Website – BGVP NE5 (Official AliExpress Store)

BGVP NE5 Right

Technical Specifications.

  • Five driver tri-brid configuration (10mm Dynamic driver with liquid silicone diaphragm | Sonion 2300 series BA for midrange | Knowles RAD BA for high frequencies | Dual Sonion EST drivers for ultra-high frequencies)
  • Impedance – 12 ohm
  • Sensitivity – 109dB
  • Frequency Response Range – 10Hz-40kHz.
  • Channel difference – </= 1dB(20Hz-10kHz)
  • THD+N – </= 0.5%.
  • Patented four-way frequency distribution.
  • Swappable tuning nozzle filters (Shadow Grey, Red and Champagne Gold)
  • High-precision CNC machined earpieces made with 7000 series Aluminium alloy.
  • Fifth-generation DLC 3D printed inner cavity.
  • 6N Silver-plated mono-crystalline copper cable.
  • Connector Type – MMCX

Included in the box.

  • BGVP NE5
  • Filters – Shadow Grey, Red and Champagne Gold
  • 6N Silver-plated mono-crystalline copper cable.
  • Silicone ear tips – Balanced (SML with black bore), Vocal (SML with different bore colours), Bass (SML clear tips) and Black ear tips (SML).
  • Memory foam ear tips – 1 pair
  • Cleaning tool
  • Manuals/warranty cards


BGVP NE5 Box Contents

Build quality, fit and noise isolation.

NE5 comes in 2 colours – Shadow Grey and Silver. My unit has very well built Shadow Grey (smokey nickel) coloured 7000 series aircraft grade Aluminium alloy shells. They are perfectly milled, plated and have an extremely smooth glossy surface with a semi-custom shape that slides and fits in my ears perfectly. Shells are slightly on the bigger side and fit my above average size ears like a glove but may protrude outside in smaller ears. However since they have nice semi-custom shaped contours, they should fit most ears well. It comes with 3 different detachable (screw on) nozzle tuning filters which can swap for some tuning customisation. They complete the semi-custom contours of the shells with good length and enable a medium to deep insertion fit depending on the choice of ear tips. The threads on the filters and shell are long, so they screw in perfectly and securely. Noise isolation is on the average side since the shells have a vent on the top for the dynamic driver.

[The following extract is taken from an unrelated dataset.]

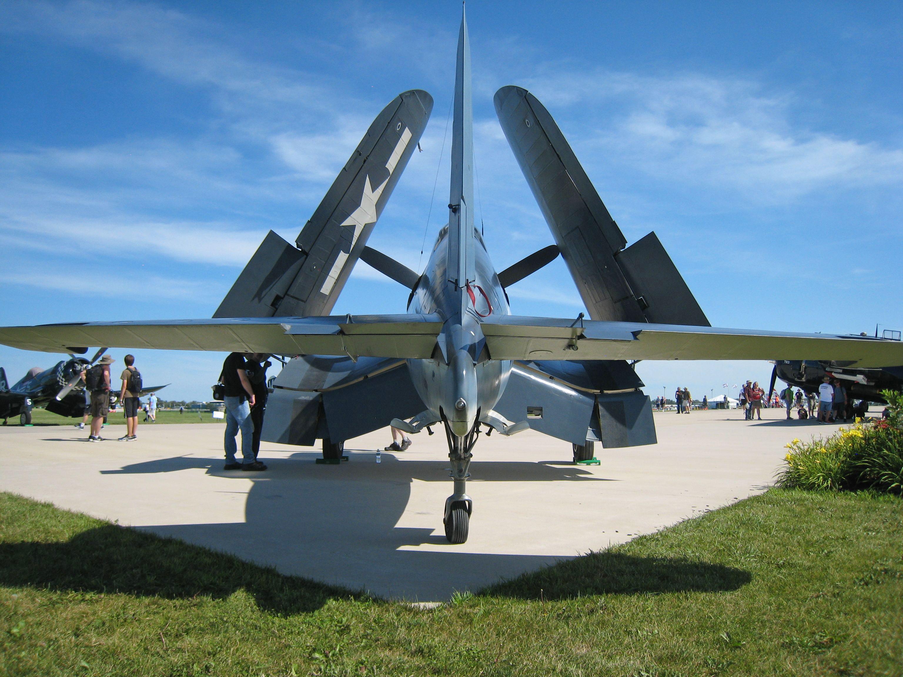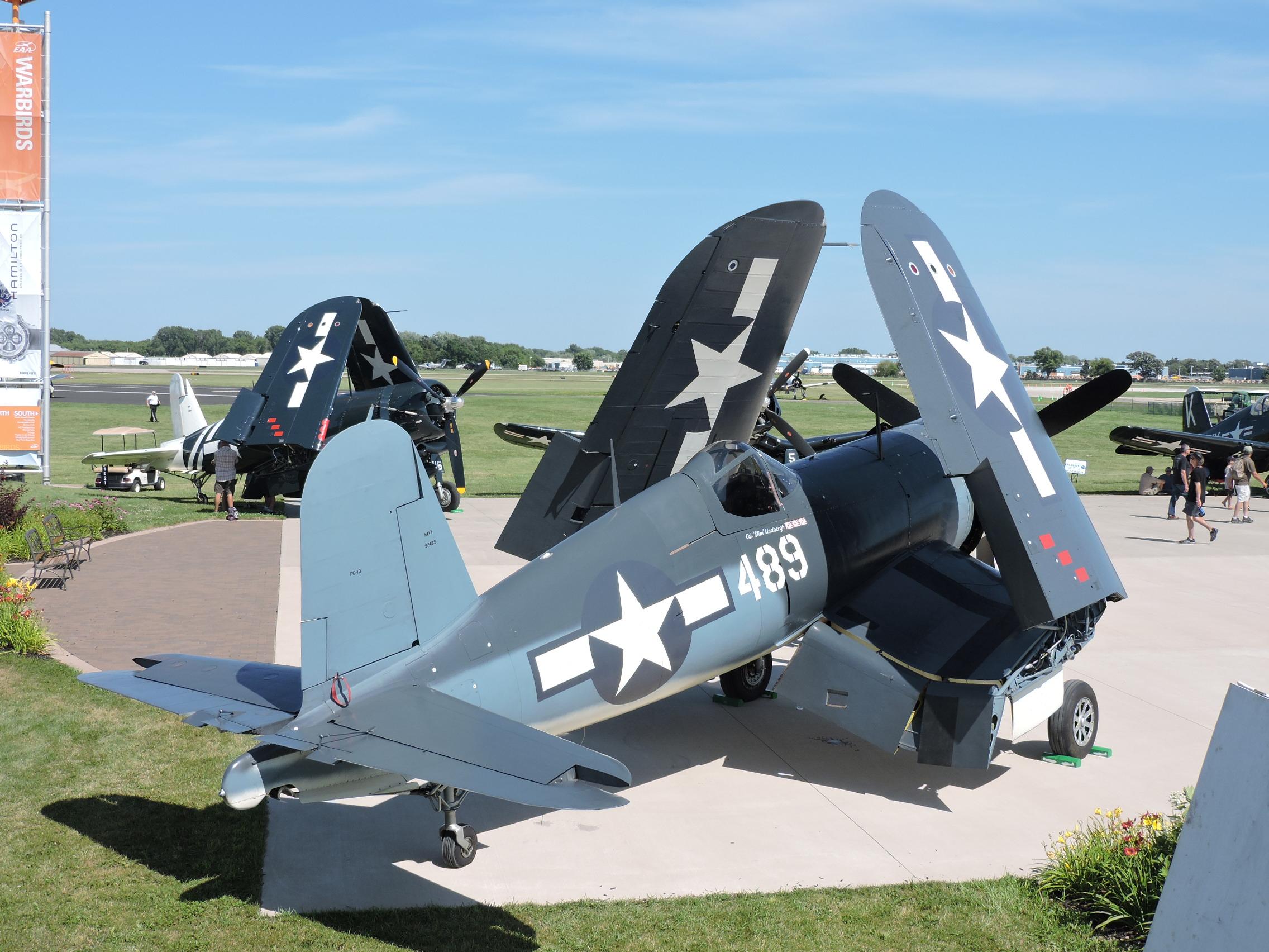 The gull-winged F4U Corsair fighter shows its wing-folding features. By Sunday, there were no fewer than four of the WWII fighters here at Oshkosh.

Cable – NE5 comes stock with a 6N silver-plated mono-crystalline copper cable. It is slim, very supple and extremely easy to manage but isn’t the most premium looking flashy cable. I do like its form factor and even the looks but well, I expected more coming from BGVP having tried the cables that came with their cheaper IEMs like VG4, DM7 and DM8. NE5’s cable has slim chrome plated 2-pin connectors, chin slider, y-split and jack with 3.5mm termination. You can in fact choose the jack termination you need in the stock cable from the order page. Even though DM8’s stock cable was a bit on the heavier side, it was a 2.5mm balanced cable that came with 4.4mm and 3.5mm adapters and was much more versatile as you could use it with different outputs. BGVP should’ve taken the same route with NE5 too.

BGVP NE5 Cable

Tuning Filters.

BGVP has new patented tuning filter tech where they have a vent in the Champagne Gold and Red filters with an acoustic filter on them that tweaks the sound. If one doesn’t know, it’s easy to miss since it is so small! In my tests, I felt Shadow Grey (SG) had most amount of bass, Red had a bit less bass and a tiny bit more lower treble and Champagne Gold (CG) had the least amount of bass in comparison. But frankly, these differences are more minute than substantial.

BGVP NE5 Filters

Sound Analysis.

Summary – My impressions are with the Red and Champagne Gold filter as I liked them best for my preferences and liking. Also, the included ear tips have an affect on the signature and you can use them to fine tune the signature to your liking. I mainly used the wide bore Black and Balanced ear tips (Black bore) for the sound impressions.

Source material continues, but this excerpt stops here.